The government decided to keep Naia as Luzon’s premier gateway, while expanding the capacity of Clark as the alternative hub.

Investors such as San Miguel Corp. offered to build another airport on reclaimed portions of Manila Bay, but the proposal was shelved after the conglomerate divested from flag carrier Philippine Airlines.

“We recognize that Naia and Clark both have significant impacts to the country’s economic growth, particularly in terms of tourism and logistics. In line with this, we are working to maximize the capacity of Naia and to further develop that of Clark,” Abaya said earlier.

Abaya said “the medium term plan is to operate both Naia and Clark to serve Luzon.”

“To further support this, a feasibility study is also being developed for the North-South commuter railway, which will make Clark more accessible from Metro Manila,” he said.

Source: Alena Mae S. Flores, Manila Standard Today

P7.2-B Clark Budget Terminal To Be Done In Phases – Abaya

Construction of the P7.2-billion budget terminal at the Clark International Airport (CIA) in Pampanga will be done in phases as the design prepared by the French consultant was “too big” for the actual demand.

Transportation Secretary Joseph Emilio Abaya disclosed that Aéroports de Paris had designed a “huge” terminal in its master plan for the Clark “aerotropolis.” Although the feasibility study is still on going, the bidding for the construction contract is scheduled this year.

“We have budget for the construction in 2015 but the problem is Aéroports de Paris (ADP) designed a huge terminal that is beyond what we thought would be the actual demand,” Abaya said.

The existing passenger terminal building (PTB) at CIA previously caters to 2.5 million passenger yearly. The annual passenger capacity ballooned to 4 million with the PTB expansion project that was completed last May.

Based on the original concept design, the proposed LCC terminal will boost CIA’s capacity between 8 and 16 million passengers per year. But Abaya did not disclose the new rated capacity of the terminal that ADP had designed.

“We think it is too big a design,” Abaya said. “Our compromise is to honor the design but to construct it in phases as the demand comes in.”

Abaya said bidding for the construction of the new LCC airport will commence this year but the project structure and timeline are still not clear as of press time. The CIA project is among the 50 infrastructure projects under the Public-Private Partnership (PPP) pipeline.

“Since the design is too huge, construction will be in phases. We have funding (this year) for the first phase,” Abaya added.

At present, CIA’s PTB increased in size from 11,439 square meters to 19,799 square meters, and increased its check-in counters from 13 to 34. In order to accommodate more passengers and ease queuing, 12 departure counters and five arrival counters have also been added.

The modernized portion of the terminal itself has eight entry points and three customs stations. This allows CIA to expand its airport operations by accommodating more international flights.
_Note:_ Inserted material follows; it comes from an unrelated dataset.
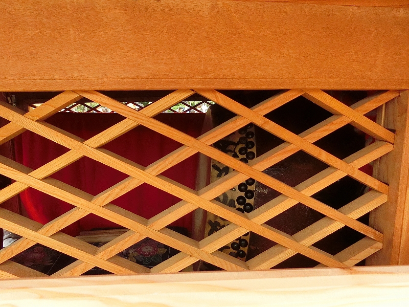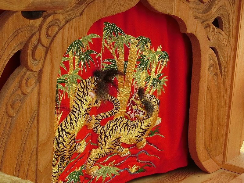 下部の正面は火灯窓で、笹竹に虎の刺繍幕があります。
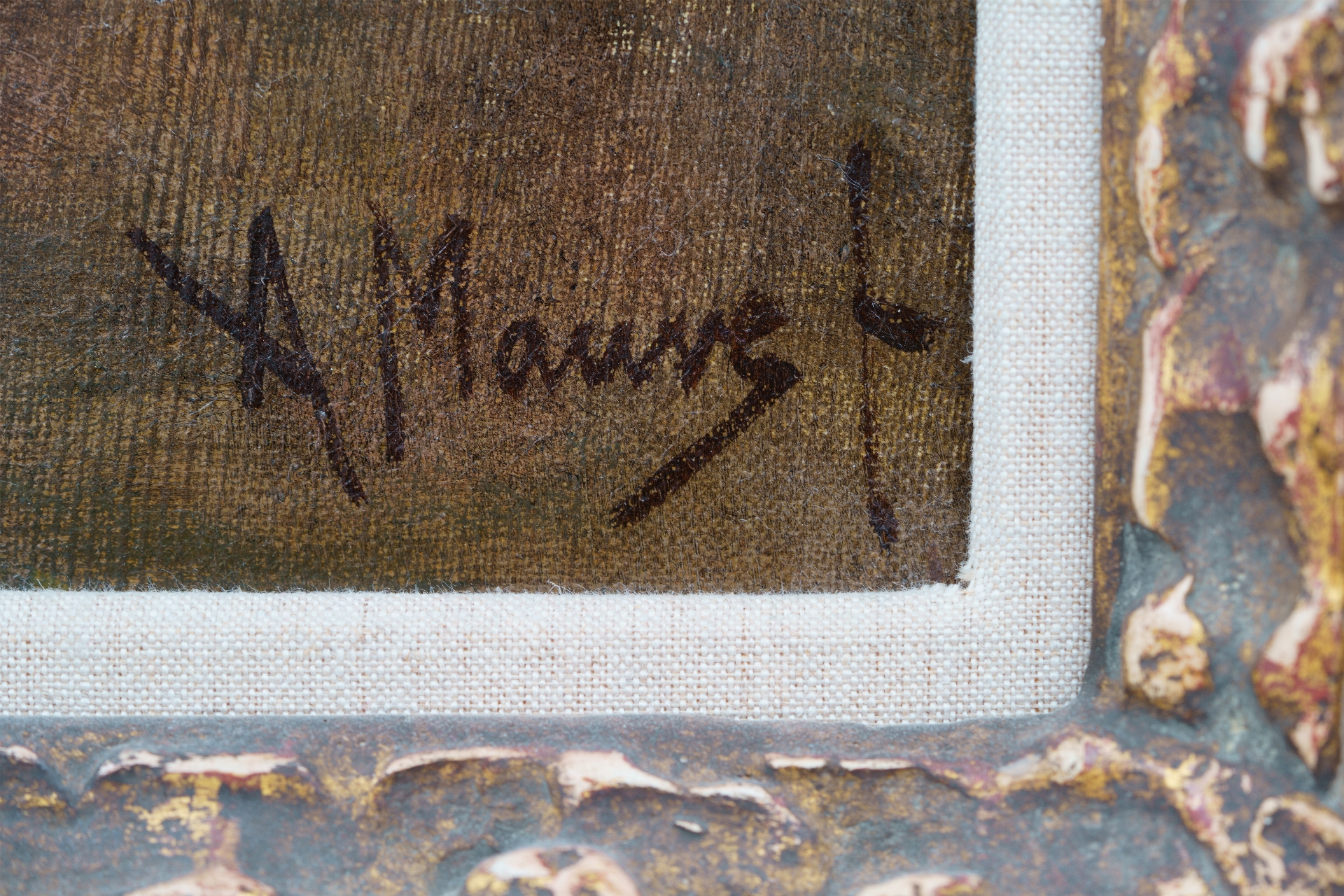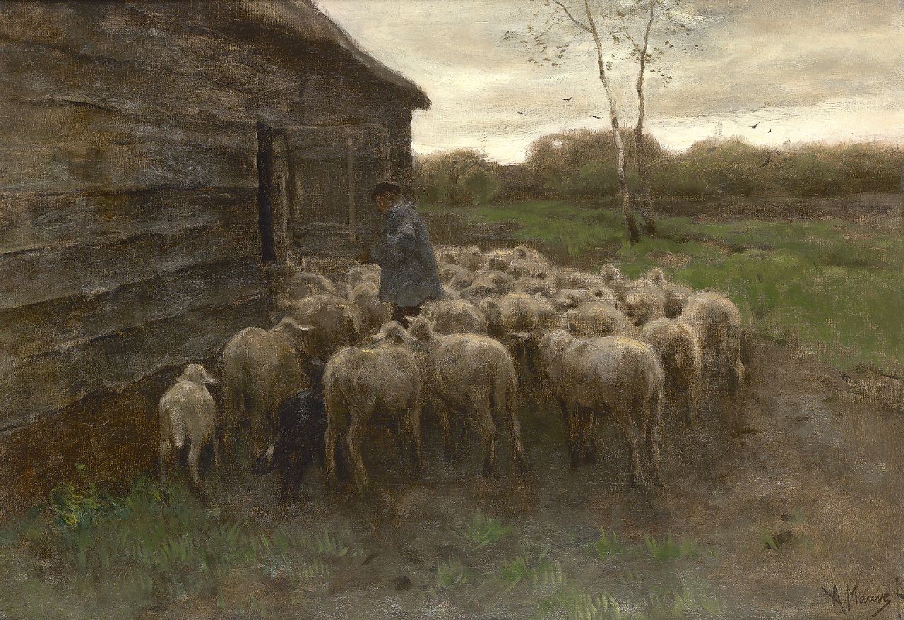 Anton Mauve is een van de bekendste schilders van de Haagse School. Zijn opleiding kreeg hij bij de dierenschilders P.F. van Os en Wouterus Verschuur. Ook werkte hij enige tijd in Oosterbeek met P.J.C. Gabriel. Landschap en dieren combineert hij vaak in zijn schilderijen. Na enige omzwervingen vestigde hij zich in 1871 in Den Haag, later in Laren, waar hij vooral de heide schilderde met wollige schaapskuddes vervloeiend in de zilvergrijze tonen van het landschap. Een van zijn meest geliefde plekjes was een even buiten Laren gelegen stuk woeste grond, later Mauvezand genoemd.

Airlines currently operating at CIA include Air Asia Zest, Asiana Airlines, Cebu Pacific, Jin Air, Qatar Airways, Tiger Air, Air Philippines or PAL Express.

The government’s long-term expansion plans for CIA is meant to compliment the decongestion efforts at Ninoy Aquino International Airport (NAIA). Aside from grooming CIA as a regional hub, the Aquino Administration is also planning to build a new international airport in Sangley Point, Cavite to serve as another international gateway of the country.